## Records for processing
----

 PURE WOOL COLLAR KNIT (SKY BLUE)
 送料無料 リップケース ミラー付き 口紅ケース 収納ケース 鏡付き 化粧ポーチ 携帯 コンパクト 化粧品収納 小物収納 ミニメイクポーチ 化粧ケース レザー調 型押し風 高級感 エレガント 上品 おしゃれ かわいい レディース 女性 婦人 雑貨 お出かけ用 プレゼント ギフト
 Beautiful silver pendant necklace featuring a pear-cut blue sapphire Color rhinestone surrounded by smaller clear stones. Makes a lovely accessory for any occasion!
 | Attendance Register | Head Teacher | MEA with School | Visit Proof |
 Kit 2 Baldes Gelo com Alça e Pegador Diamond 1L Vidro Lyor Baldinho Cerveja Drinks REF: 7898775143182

----

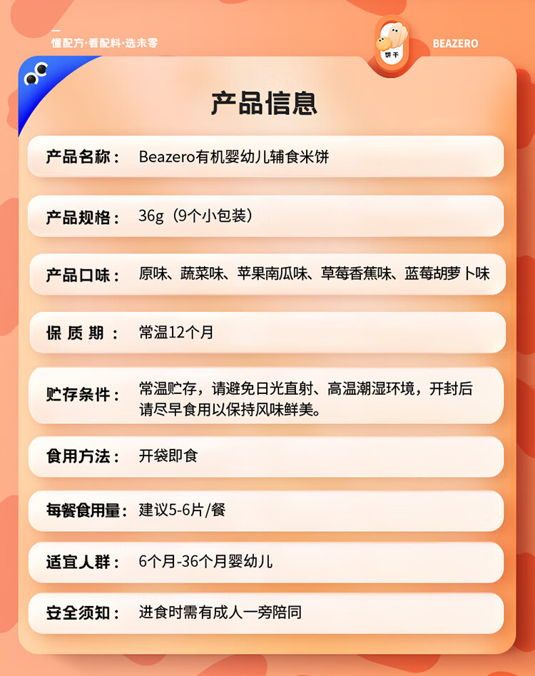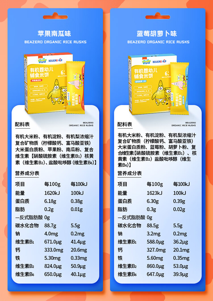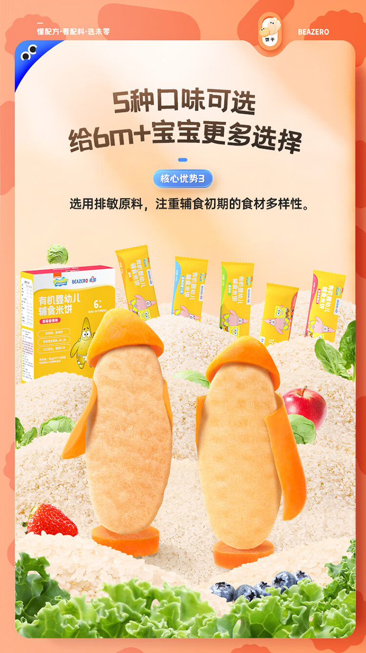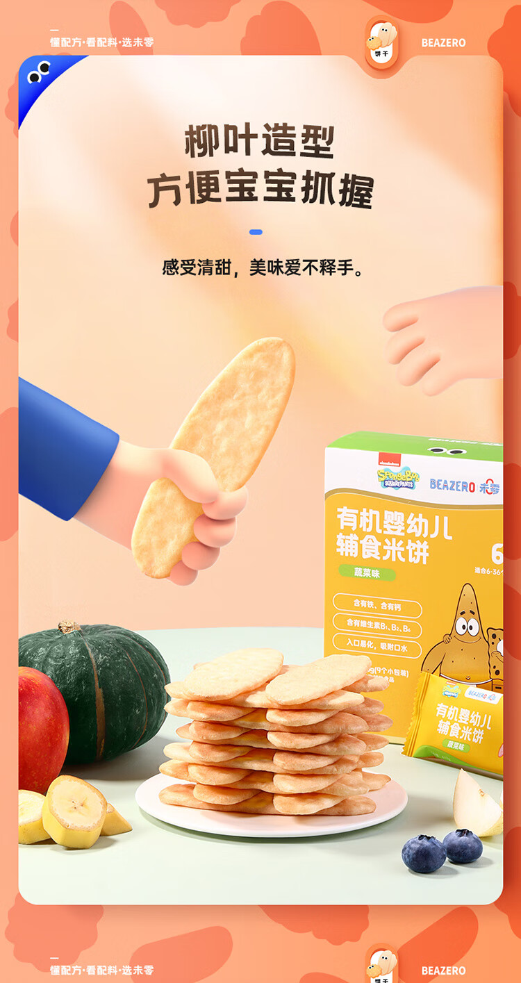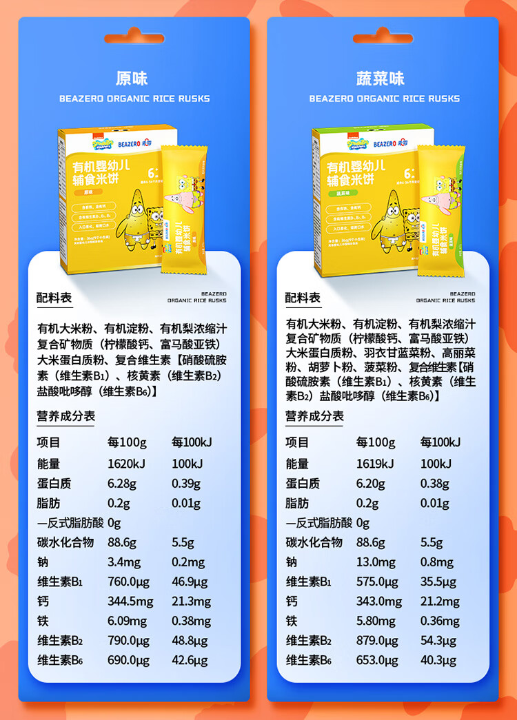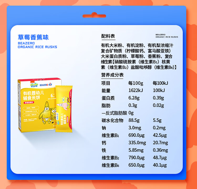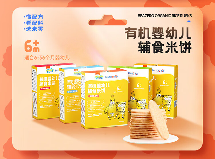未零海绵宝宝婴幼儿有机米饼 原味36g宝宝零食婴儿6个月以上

----

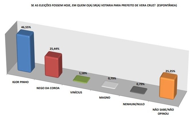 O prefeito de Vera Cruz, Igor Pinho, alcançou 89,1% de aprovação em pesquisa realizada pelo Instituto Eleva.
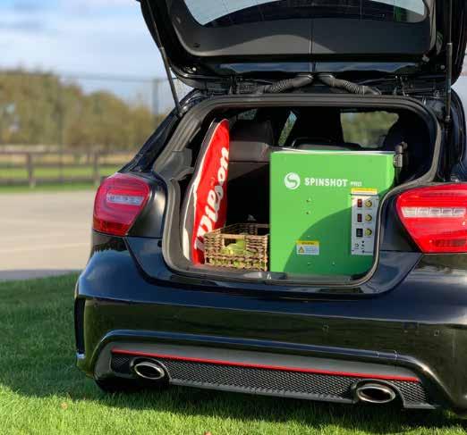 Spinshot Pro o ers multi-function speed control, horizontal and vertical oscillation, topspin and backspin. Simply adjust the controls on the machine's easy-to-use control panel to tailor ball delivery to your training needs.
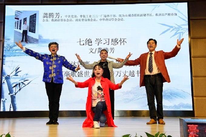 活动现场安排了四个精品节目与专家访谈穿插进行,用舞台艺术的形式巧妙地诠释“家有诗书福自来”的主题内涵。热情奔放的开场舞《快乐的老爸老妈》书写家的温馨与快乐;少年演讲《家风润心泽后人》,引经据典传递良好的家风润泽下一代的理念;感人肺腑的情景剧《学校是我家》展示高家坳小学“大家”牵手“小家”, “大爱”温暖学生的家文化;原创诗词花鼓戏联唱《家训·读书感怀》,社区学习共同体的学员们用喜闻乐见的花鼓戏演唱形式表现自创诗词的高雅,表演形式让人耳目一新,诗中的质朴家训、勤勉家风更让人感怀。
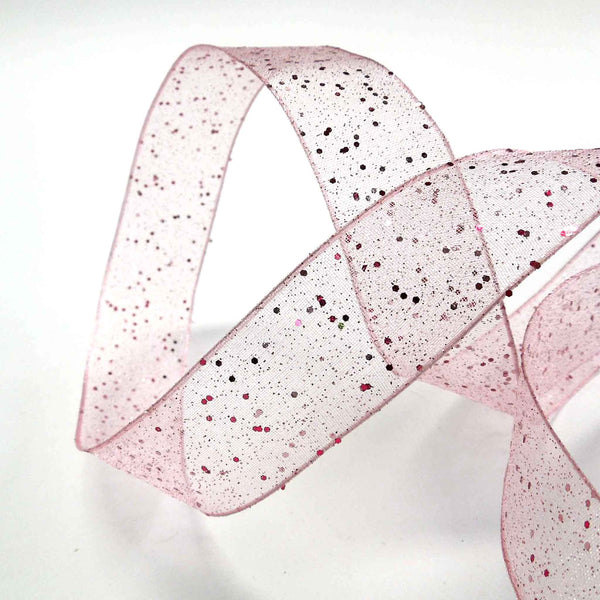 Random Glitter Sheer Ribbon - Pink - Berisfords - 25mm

----

## Exercise
Please reproduce the lines from the line with "PURE WOOL COLLAR KNIT (SKY BLUE)" to the line with "Kit 2 Baldes", both ends included, exactly as they appear above.

## Result for this task
 PURE WOOL COLLAR KNIT (SKY BLUE)
 送料無料 リップケース ミラー付き 口紅ケース 収納ケース 鏡付き 化粧ポーチ 携帯 コンパクト 化粧品収納 小物収納 ミニメイクポーチ 化粧ケース レザー調 型押し風 高級感 エレガント 上品 おしゃれ かわいい レディース 女性 婦人 雑貨 お出かけ用 プレゼント ギフト
 Beautiful silver pendant necklace featuring a pear-cut blue sapphire Color rhinestone surrounded by smaller clear stones. Makes a lovely accessory for any occasion!
 | Attendance Register | Head Teacher | MEA with School | Visit Proof |
 Kit 2 Baldes Gelo com Alça e Pegador Diamond 1L Vidro Lyor Baldinho Cerveja Drinks REF: 7898775143182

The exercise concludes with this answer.